At work we have also had the same problem and solved parts of it thusfar. In our case, the JFrame is the size of the screen (not resizable). This means we only need to set the size of Fonts (and other resolution dependent aspects of the JComponents) once.
But if you can resize your JFrame, you can update the JComponents by traversing its hierarchy of JComponents, as soon as the size of the JFrame is changed (using, for instance, its method addComponentListener(ComponentListener)).
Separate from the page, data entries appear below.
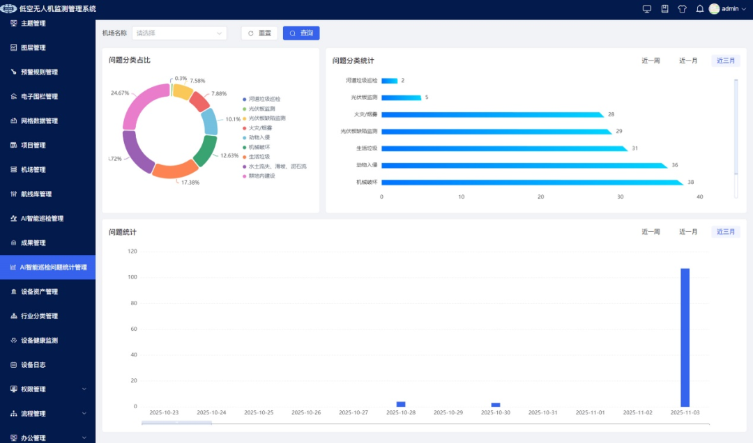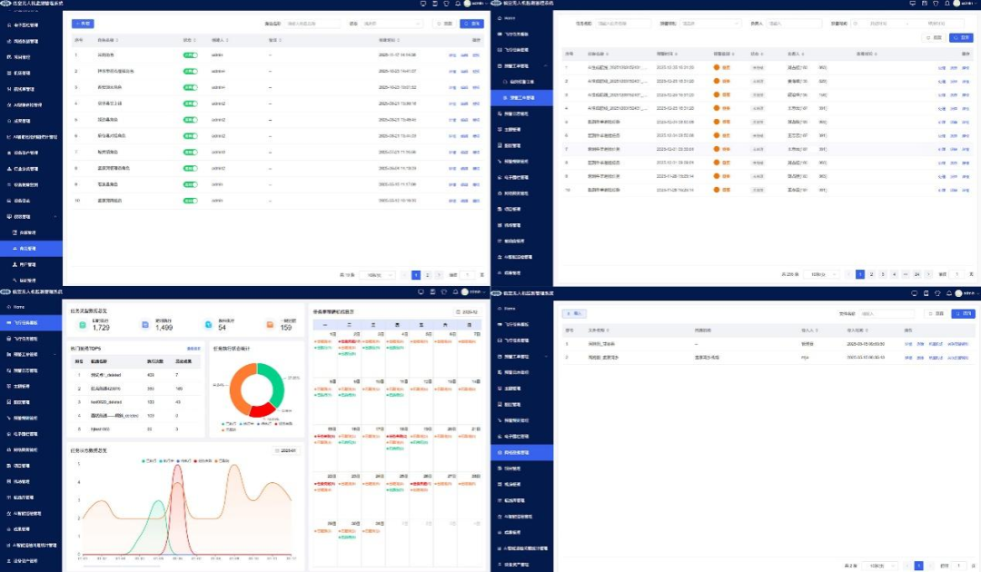 整合权限管理、飞行任务看板、数据采集整合、监测成果归档等核心能力,构建“任务发起-数据采集-成果管理-权限管控”全流程支撑体系。权限管理模块按角色分级授权,保障数据安全与业务规范;飞行任务看板助力管理人员掌握全局、调度资源;平台依托后台管理系统优化数据组织逻辑,对多类型数据分类归档、结构化存储并实现监测成果追溯共享,通过标准化数据管理确保数据质量,简化管理链路、降低协同成本,如图7所示。
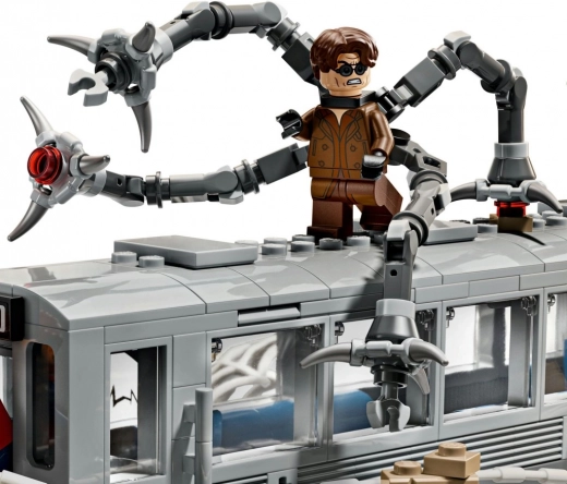 Přehrávejte si slavnou scénu: Spider‑Man zastavuje uhánějící soupravu pavučinou, zatímco Doc Ock útočí mechanickými chapadly. Akce a napětí na každém studu.
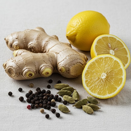 ブラックペッパーはピリッと強い辛味と野性的な香りをもち、カルダモンは樟脳やユーカリに似た香りと柑橘のような爽やかで上品な香りをもつスパイスです。
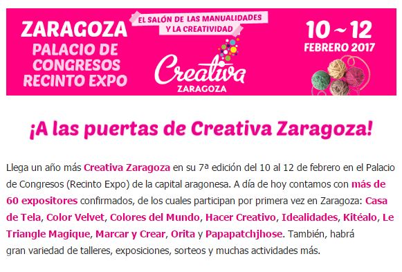 Así que.. como no podía faltar, este año también vamos a asistir a Creativa Zaragoza. Todavía no hemos tenido la oportunidad de ir a Zaragoza a ofrecer ningún taller, así que cuando nos lo ofrecieron no nos pudimos negar. Me consta que hay bastantes lectoras de la zona así que nos encantará poneros caras y charlar un ratito. Nos va a ser imposible salir del estand pero un ratito si que lo tendremos libre.
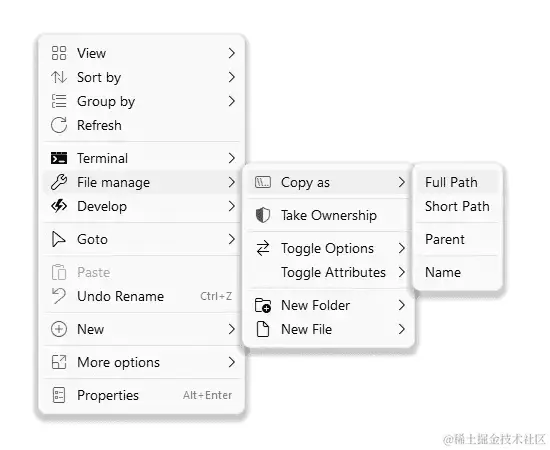 这项目是一个用于管理 Windows 文件资源管理器上下文菜单的程序。简单来说,就是扩展了 Windows 右键菜单的功能。该工具免费、开源、无广告、轻巧,支持所有文件系统对象,如文件、文件夹、桌面和任务栏。它提供了一系列提升效率的功能,包括拷贝文件地址、快速打开目录、终端打开、自定义外观以及复杂的嵌套菜单等。

Now to the solution itself. If you provide a reference resolution, in addition to your current resolution. Then all you really need to do, is scale up or down, based on which is the larger one.
We defined our reference resolution as width 800 and height 600. Your current resolution can easily be obtained by the following code (only showing how to get the width part):
GraphicsEnvironment.getLocalGraphicsEnvironment().getDefaultScreenDevice().getDisplayMode().getWidth();
The code we used to change widths is the following (the same concept applies to height):
public static synchronized int getWidthForCurrentResolution(int width) {
return (int)((currentResolutionWidth / referenceResolutionWidth) * width);
}
The following will be our code for changing the size of Fonts:
public static synchronized int getFontSizeForCurrentResolution(int fontSize) {
return (int)(Math.min(currentResolutionHeight / referenceResolutionHeight, currentResolutionWidth / referenceResolutionWidth) * fontSize);
}
One important thing to remember, is that the parameter arguments provided should be in your reference resolution. And, of course, this is by no means a perfect solution. But a good start.